C**** The parameters defining those 2 approximations are tabulated.
C****
C**** Note: No attempt is made to find the longterm trends for urban
C**** and rural combination separately; using the difference only
C**** minimizes the impact of short term regional events that
C**** affect both rural and urban stations, hence cancel out.
Squidly (22:11:06) :
1) Rather recently, a company has successful begun the manufacturing of a solar film that is extremely efficient by comparison to typical silicon, and much cheaper.
Yeah, very promising. Saw projections of 5 cents / kWhr. IF they can hit the numbers, this is a serious ‘game changer’.
2) Researchers at MIT recently discovered a polymer that very efficiently separates H and O from H2O with very low electrical power consumption.
Interesting. Had not heard about it. I presume it is this:
http://www.sciam.com/article.cfm?id=hydrogen-power-on-the-cheap
turned up in a google search. For a ‘downer man…’ point of view, see:
http://www.dailykos.com/story/2008/8/5/143320/8009
Now, the idea. Take #1 to collect electrical power and couple that to #2 to produce hydrogen that one could store almost indefinitely. Obtain an efficient hydrogen combustion electrical generator, and Viola! One could theoretically run their entire household off of the sun in a practical and affordable manner. Then, purchase an electric car, or plug-in hybrid, and you have essentially provided for all of your energy needs indefinitely.
The issues I see:
1) It’s all new. Often the road from idea to product dashes many hopes.
2) You don’t want hydrogen combustion, you want a hydrogen fuel cell.
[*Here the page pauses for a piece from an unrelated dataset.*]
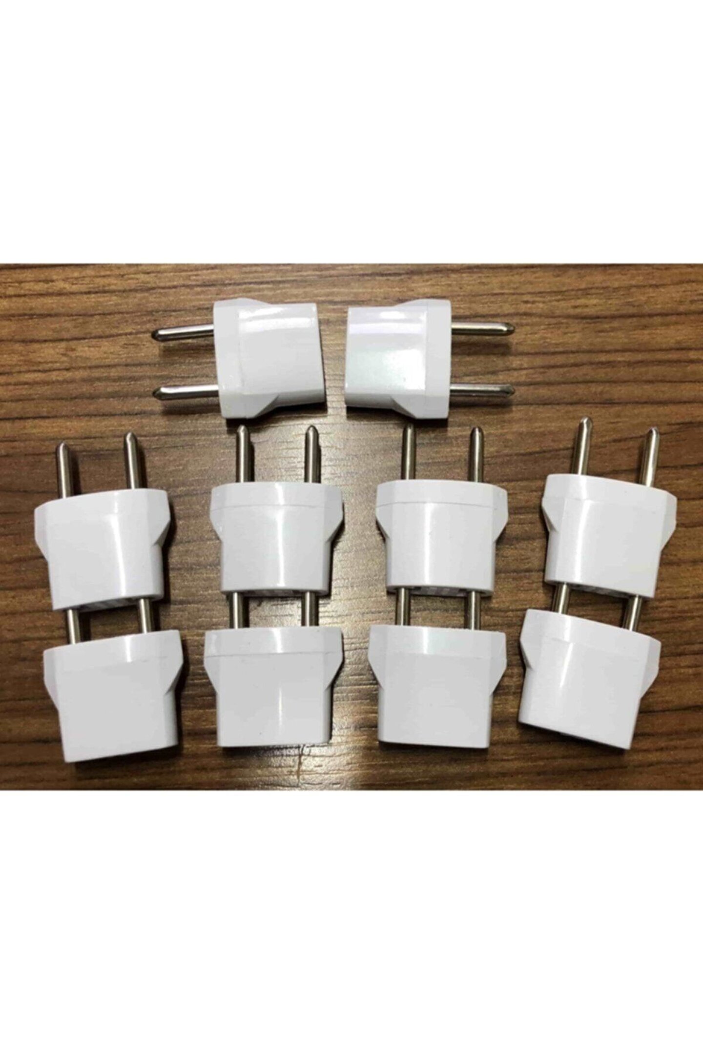 10 Adet Amerikan Uçlu Prizlerini Türk Uçlu Pirize Çevirici Dönüştürücü Beyaz Adaptör

Much better though more expensive.
3) There is an engineering question of what’s more efficient: Plug in HEV or a direct H fuel cell vehicle. Implementation nit at most.
Generally, yes. IFF what they project is valid, you can do this. IF. Hydrogen is not an energy source, but it is an ‘ok’ battery. (Bit low on density and storage either takes BIG tanks, fancy hydrides, or one heck of a lot of pressure or cold. Better for stationary than for vehicles; but workable for both.)